Spark常见的Transformation算子（三）

Spark常见的Transformation算子（三）

`初始化数据`

println("======================= 原始数据 ===========================")
val data1: RDD[Int] = sc.parallelize(1 to 10, 3)
println(s"原始数据为：${data1.collect.toBuffer}")
val data2: RDD[Int] = sc.parallelize(5 to 15, 2)
println(s"原始数据为：${data2.collect.toBuffer}")
val data3: RDD[Int] = sc.parallelize(List(1, 2, 3, 4, 5, 5, 4, 3, 2, 1))
println(s"原数数据为：${data3.collect.toBuffer}")

结果

`distinct`

用于去重，生成的RDD可能有重复的元素，使用distinct方法可以去掉重复的元素，此方***打乱元素的顺序，操作开销很大

/**
 * Return a new RDD containing the distinct elements in this RDD.
 */
// 第一种实现：需要参数numPartitions，这个类似于一个因子，如果数据集中的元素可以被numPartitions整除，则排在前面，之后排被numPartitions整除余1的，以此类推，体现局部无序，整体有序
def distinct(numPartitions: Int)(implicit ord: Ordering[T] = null): RDD[T] = withScope {
  map(x => (x, null)).reduceByKey((x, y) => x, numPartitions).map(_._1)
}

/**
 * Return a new RDD containing the distinct elements in this RDD.
 */
// 第二种实现：调用了第一种实现，参数采用了默认的参数
def distinct(): RDD[T] = withScope {
  distinct(partitions.length)
}

Scala版本

println("======================= distinct-1 ===========================")
// 如果没有指定numPartitions参数，则为创建数据时的分区数量
val value1: RDD[Int] = data3.distinct()
println(s"经过distinct处理后的数据为：${value1.collect.toBuffer}")

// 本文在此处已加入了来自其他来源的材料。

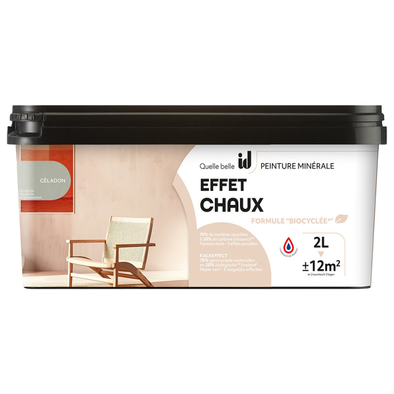 Peinture épaisse à effet de chaux, coloris Vert Céladon, idéale pour créer une atmosphère naturelle et apaisante. S’applique selon l’effet désiré : structuré au spalter, lissé à la taloche ou pommelé au rouleau. Formule respectueuse de l’environnement avec 70 % de matières recyclées (poudre de marbre, coquilles d’œufs) et plus de 20 % de carbone biosourcé. Finition minérale sur mesure !
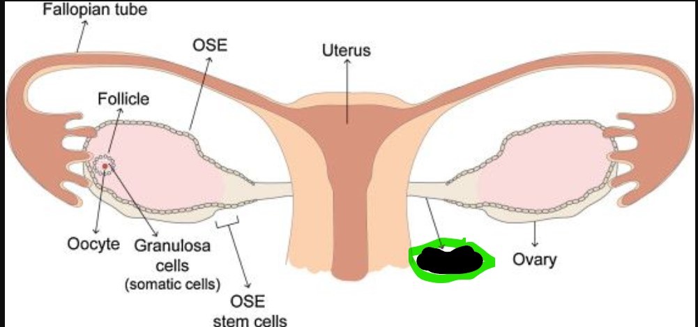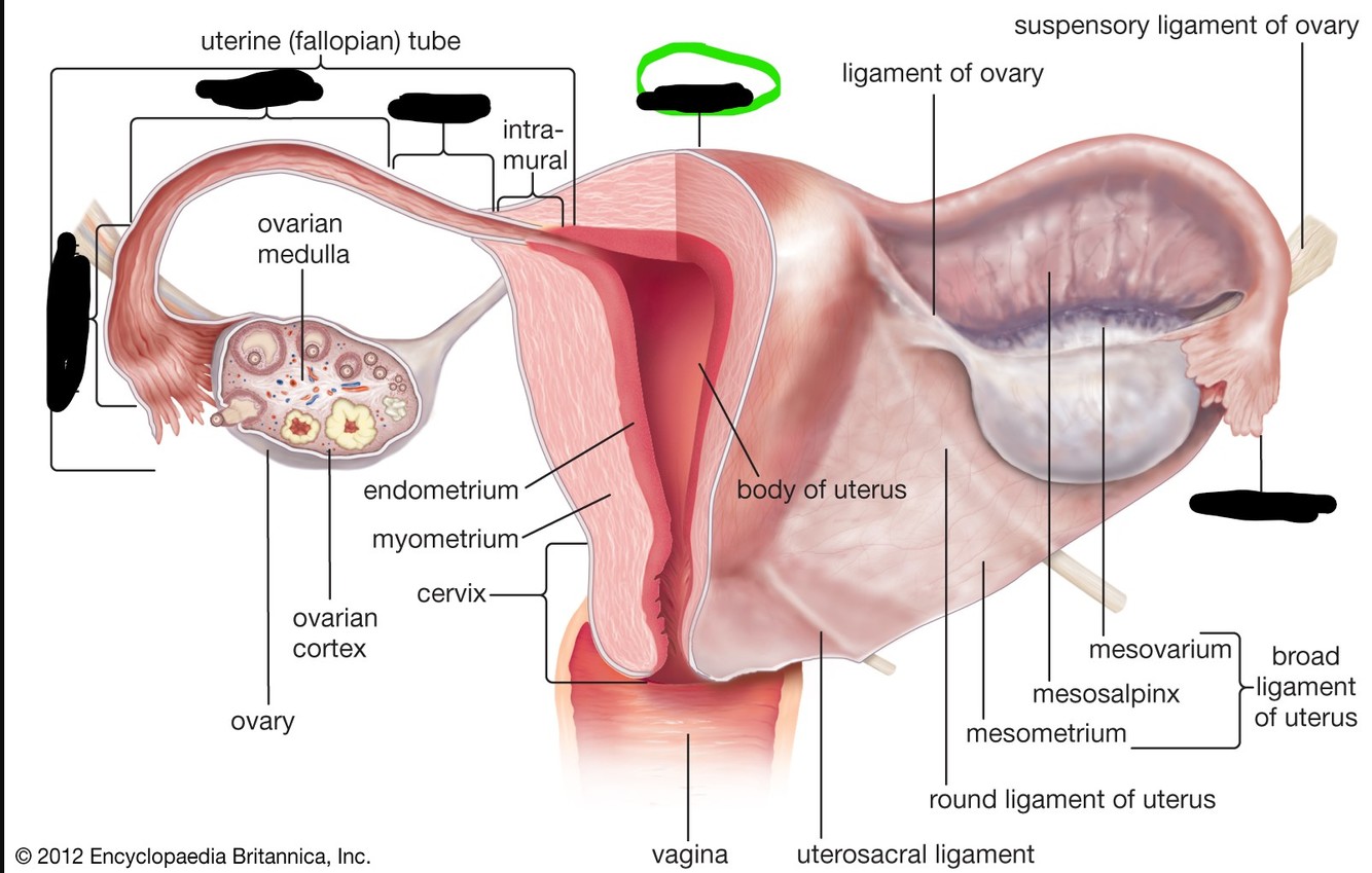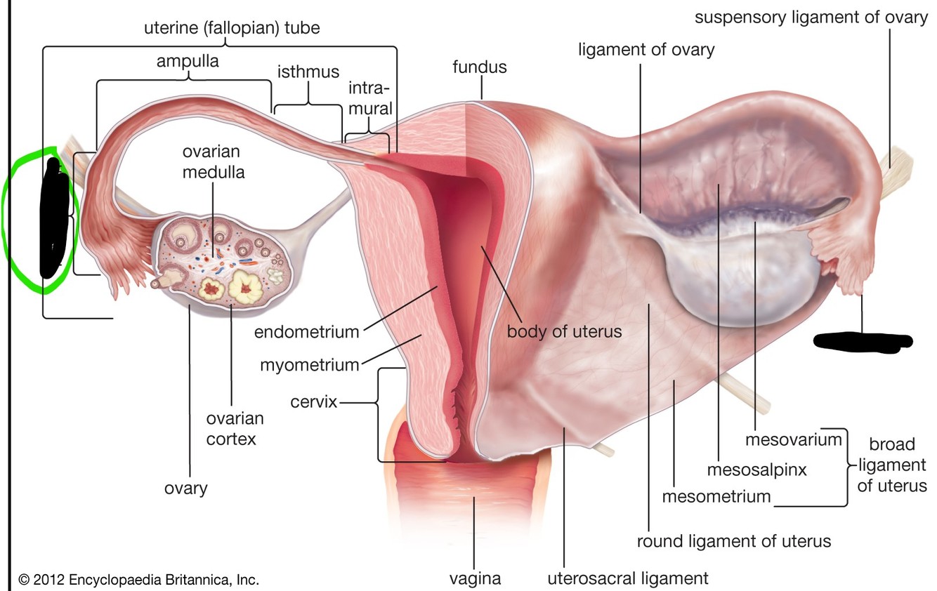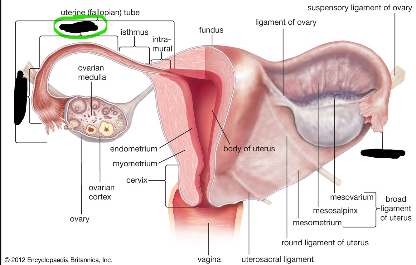 beginning of the uterine tube, just after the abdominal ostium of uterine tube, and is in relation to the free border and medial surface of the ovary.
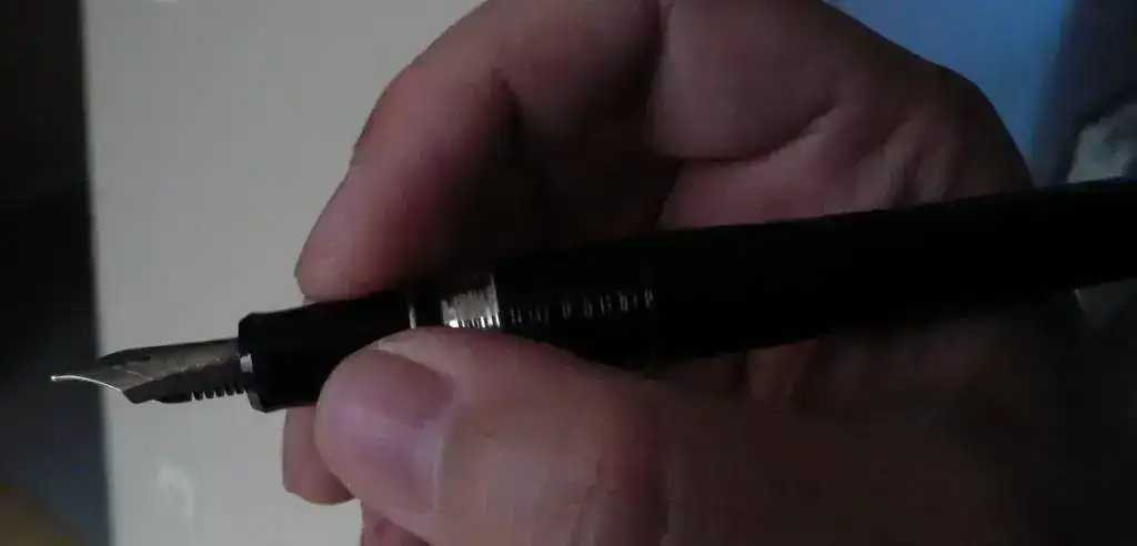 Los plumines de ambas son sensacionales. Los plumines F modernos de Pilot me resultan un poco escasos de flujo, quizás porque ahora tiende a utilizarse un papel más barato y poroso, y en esas circunstancias tienden a ramificar menos cuanto más finas y secas son. Estos dos plumines, ambos de punto Fino, son jugosos, y mucho más parecidos a un EF europeo. Tienen un flujo suficiente como para aceptar tintas densas como la Platinum Carbon Ink sin problemas, más allá de la mancha petrolífera que dejan en el plumín.
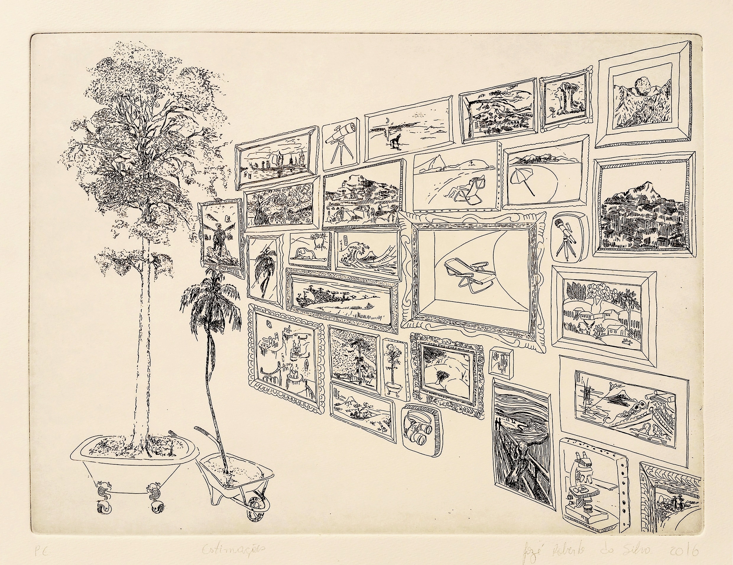 Os quadros, que representam desde pinturas famosas da história da arte – como “O Grito”, “A Origem do Mundo” e “Noite Estrelada” – até figuras de microscópios e binóculos e cenários de praia, compõem uma obra repleta de referências visuais. O artista nos explica: “Estimações partiu do conceito de ‘valor’ ou uma estimativa. Formada por um rearranjo de coisas/imagens, abordando alguns ícones da história das Artes Visuais, ou procedimentos como a perspectiva, ou a ‘janela’ de realidade para a imitação”. Com cara de sala de estar, a obra é uma espécie de vitrine e nos convida à observação atenta, para tentar descobrir os ícones e valores que o artista escolheu para sua composição.
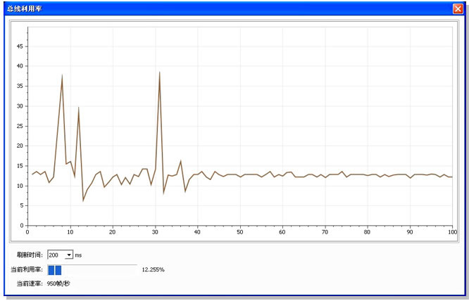 CAN接口卡(kǎ)在任意波(bo)特率下滿(man)負載接收(shōu)能力,可以(yǐ)實現超大(dà)🐪13萬⛹🏻♀️幀緩沖(chong),保證不丢(diū)幀,爲後期(qi)分析保存(cún)完整的測(ce)試數據。

println("======================= distinct-2 ===========================")
// 局部无序，整体有序。以传入的参数numPartitions作为因子，所有的元素除以numPartitions，模为0的排在第一位，之后排模为1的，以此类推
val value2: RDD[Int] = data3.distinct(2)
println(s"经过distinct处理后的数据为：${value2.collect.toBuffer}")

// 返回结果
// (4, 2, 1, 3, 5)
// 4, 2 ==> 模为0
// 1, 3, 5 ==> 模为1

运行结果

`union`

两个RDD进行合并，不去重

/**
 * Return the union of this RDD and another one. Any identical elements will appear multiple
 * times (use `.distinct()` to eliminate them).
 */
// 返回此RDD和另一个RDD的并集，不去重，顺序连接
def union(other: RDD[T]): RDD[T] = withScope {
  sc.union(this, other)
}

Scala版本

println("======================= union ===========================")
val value: RDD[Int] = data1.union(data2)
println(s"经过union处理后的数据为：${value3.collect.toBuffer}")

运行结果

`intersection`

对于两个RDD求交集，并去重，无序返回，操作开销很大

/**
 * Return the intersection of this RDD and another one. The output will not contain any duplicate
 * elements, even if the input RDDs did.
 *
 * @note This method performs a shuffle internally.
 */
// 第一种实现：一个参数，返回此RDD和另一个RDD的交集，不包含重复元素
// 最后返回也是局部无序，整体有序。分区大小采用两个RDD中分区数量较大的
def intersection(other: RDD[T]): RDD[T] = withScope {
  this.map(v => (v, null)).cogroup(other.map(v => (v, null)))
      .filter { case (_, (leftGroup, rightGroup)) => leftGroup.nonEmpty && rightGroup.nonEmpty }
      .keys
}

/**
 * Return the intersection of this RDD and another one. The output will not contain any duplicate
 * elements, even if the input RDDs did.
 *
 * @note This method performs a shuffle internally.
 *
 * @param partitioner Partitioner to use for the resulting RDD
 */
// 第二种实现：两个参数，另一个RDD和一个分区器
def intersection(
    other: RDD[T],
    partitioner: Partitioner)(implicit ord: Ordering[T] = null): RDD[T] = withScope {
  this.map(v => (v, null)).cogroup(other.map(v => (v, null)), partitioner)
      .filter { case (_, (leftGroup, rightGroup)) => leftGroup.nonEmpty && rightGroup.nonEmpty }
      .keys
}

/**
 * Return the intersection of this RDD and another one. The output will not contain any duplicate
 * elements, even if the input RDDs did.  Performs a hash partition across the cluster
 *
 * @note This method performs a shuffle internally.
 *
 * @param numPartitions How many partitions to use in the resulting RDD
 */
// 第三种实现：两个参数，第二个参数传入numPartitions，内部调用调用第二种实现，使用默认分区器HashPartitioner(numPartitions)，并且返回结果局部无序，整体有序和distinct规则一样
def intersection(other: RDD[T], numPartitions: Int): RDD[T] = withScope {
  intersection(other, new HashPartitioner(numPartitions))
}

Scala版本

println("======================= intersection-1 ===========================")
val value1: RDD[Int] = data1.intersection(data2)
println(s"分区数量为：${value1.getNumPartitions}")
println(s"经过intersection处理后的数据为：${value1.collect.toBuffer}")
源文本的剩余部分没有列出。